Iraq's Christian HeritageRoundup: Historians' Take
Juan Cole, writing on his blog (Dec. 25, 2003):
For the history of Iraqi Christianity click here. Iraqis believe Christianity was brought to what is now Iraq, an Aramaic-speaking area, around 35 AD by Thomas the doubting apostle (some say Peter also preached in Mesopotamia). The religions of Iraqis at that time included Babylonian-style polytheism and star worship (including astrology), Zoroastrianism from Iran, Greek Gnosticism and Judaism. In the theological disputes that developed from the 400s, most Iraqi Christians are believed by historians to have favored the Nestorian branch of Christianity, founded by Nestorius (d. 451).

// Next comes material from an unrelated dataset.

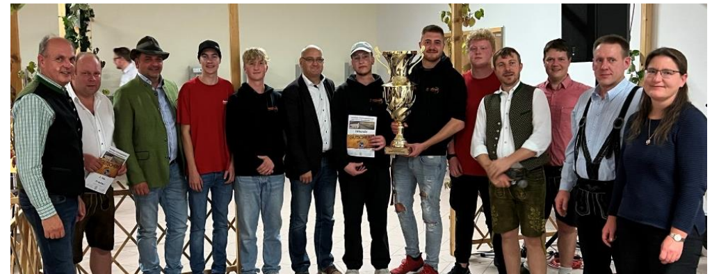
Die Sieger mit Sponsoren Paninka und Trabert

Aufgrund der vielen positiven Rückmeldungen steht einer Neuauflage des Bürgerschießens im nächsten Jahr nichts im Wege.

By the time of the Muslim Arab conquest of Iraq in the 600s AD, what is now Iraq had a significant Christian population. Over time most Iraqis gradually converted to Islam and adopted Arabic, and contrary to popular Western belief, the conversion was for the most part peaceful. From the 1400s some Iraqi Nestorians accepted overtures from Rome and acknowledged the pope, becoming Catholics. They were allowed to keep their Aramaic liturgy. These Catholic “Uniate” Iraqis became known as Chaldeans, and had their own patriarch. Over time they became the majority (now 80%). Those who remained outside Catholicism may not be exactly identified as Nestorians any more by this period, but had historical roots in that branch of Christianity, and were called Assyrians. In recent decades there has been a push to unify the Chaldeans and the Assyrians. Iraqi Christians probably amount to between 500,000 and 800,000 individuals, about 2 or 3 percent of Iraqis.